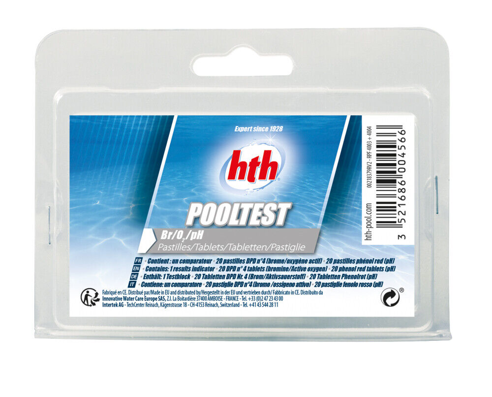 HTH POOLTESTER O2/Br/pH - Pastilles | Trousse Analyse Oxygène Actif / Brome / pH
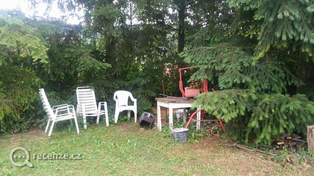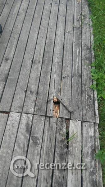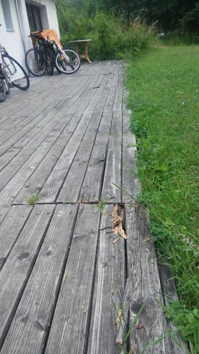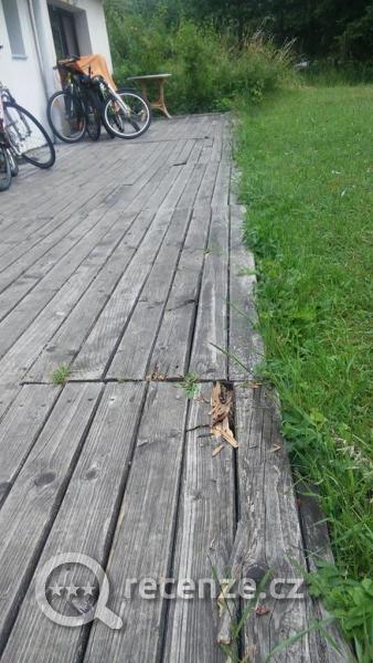 Před vstupy do pokojů je dřevěná, shnilá podlaha, která se při neopatrném našlápnutí propadá dokonce už i pod dětmi. Na zahradě je hromada starého zahradního nábytku a harampádí, tráva a křoví okolo společných prostor překáží (např. při sezení před pokojem venku). (vše na fotografiích)
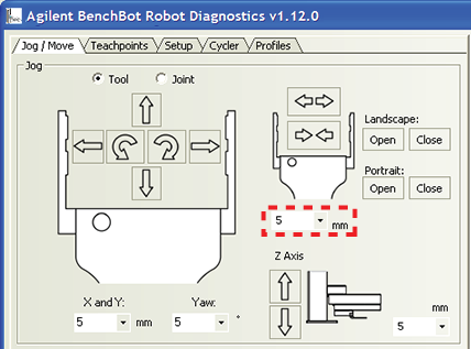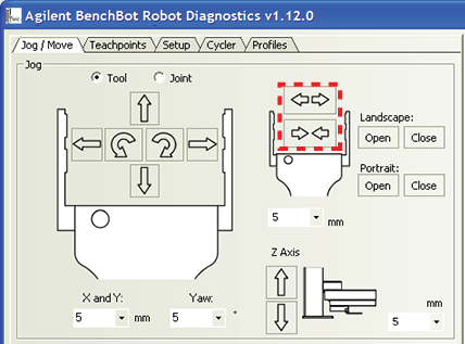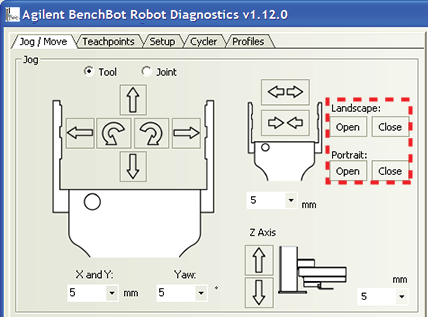 Opening and closing the robot grippers Procedure You can open the robot grippers to release labware. You can close the robot grippers to hold labware. You can open and close the grippers in one of two ways: • Use the software commands in BenchBot Robot Diagnostics. • Manually pull open and push close the grippers when the motors are disabled or in the teach mode only. IMPORTANT Manually pulling open or pushing closed the grippers while the motors are enabled will disable the motors. This topic explains how to use the software commands in BenchBot Robot Diagnostics to open and close the grippers. WARNING Be sure to wear protective eyewear when entering the system and working with the robot. WARNING Stay out of the system while the robot is in motion. To open or close the robot grippers using software commands: In the Jog/Move tab, click Open or Close for the desired orientation. To open or close the grippers incrementally: 1 In the Jog/Move tab, select or type the jog increment for the grippers. CAUTION Always select smaller jog increments so that the robot does not bump into obstacles when it opens its grip, or bend the labware when it closes its grip. IMPORTANT The jog increment applies to both grip directions. 2 Click either the Open or Close gripper button. Related information For information about... See... Homing the robot Homing the robot and grippers Moving the robot into the robot zone Retracting the robot into the robot zone Disabling and enabling the robot motor Disabling and enabling the robot joint motors Stopping the robot motors Stopping the robot motors Changing the robot speed Changing the robot speed Changing the robot speed definitions Changing the robot speed definitions Jogging the robot Jogging the robot Changing the gripper settings Changing the gripper settings View the Robot Status area Checking the robot status and log Viewing the log area Checking the robot status and log Updating the firmware Updating the firmware Backing up the robot firmware Backing up the robot firmware Installing new or restoring existing firmware Installing new or restoring existing firmware

————

## ACTION ITEM
Without the pictures, repeat the listing above exactly.

## TASK SOLUTION
 HTH POOLTESTER O2/Br/pH - Pastilles | Trousse Analyse Oxygène Actif / Brome / pH
 Před vstupy do pokojů je dřevěná, shnilá podlaha, která se při neopatrném našlápnutí propadá dokonce už i pod dětmi. Na zahradě je hromada starého zahradního nábytku a harampádí, tráva a křoví okolo společných prostor překáží (např. při sezení před pokojem venku). (vše na fotografiích)
 Opening and closing the robot grippers Procedure You can open the robot grippers to release labware. You can close the robot grippers to hold labware. You can open and close the grippers in one of two ways: • Use the software commands in BenchBot Robot Diagnostics. • Manually pull open and push close the grippers when the motors are disabled or in the teach mode only. IMPORTANT Manually pulling open or pushing closed the grippers while the motors are enabled will disable the motors. This topic explains how to use the software commands in BenchBot Robot Diagnostics to open and close the grippers. WARNING Be sure to wear protective eyewear when entering the system and working with the robot. WARNING Stay out of the system while the robot is in motion. To open or close the robot grippers using software commands: In the Jog/Move tab, click Open or Close for the desired orientation. To open or close the grippers incrementally: 1 In the Jog/Move tab, select or type the jog increment for the grippers. CAUTION Always select smaller jog increments so that the robot does not bump into obstacles when it opens its grip, or bend the labware when it closes its grip. IMPORTANT The jog increment applies to both grip directions. 2 Click either the Open or Close gripper button. Related information For information about... See... Homing the robot Homing the robot and grippers Moving the robot into the robot zone Retracting the robot into the robot zone Disabling and enabling the robot motor Disabling and enabling the robot joint motors Stopping the robot motors Stopping the robot motors Changing the robot speed Changing the robot speed Changing the robot speed definitions Changing the robot speed definitions Jogging the robot Jogging the robot Changing the gripper settings Changing the gripper settings View the Robot Status area Checking the robot status and log Viewing the log area Checking the robot status and log Updating the firmware Updating the firmware Backing up the robot firmware Backing up the robot firmware Installing new or restoring existing firmware Installing new or restoring existing firmware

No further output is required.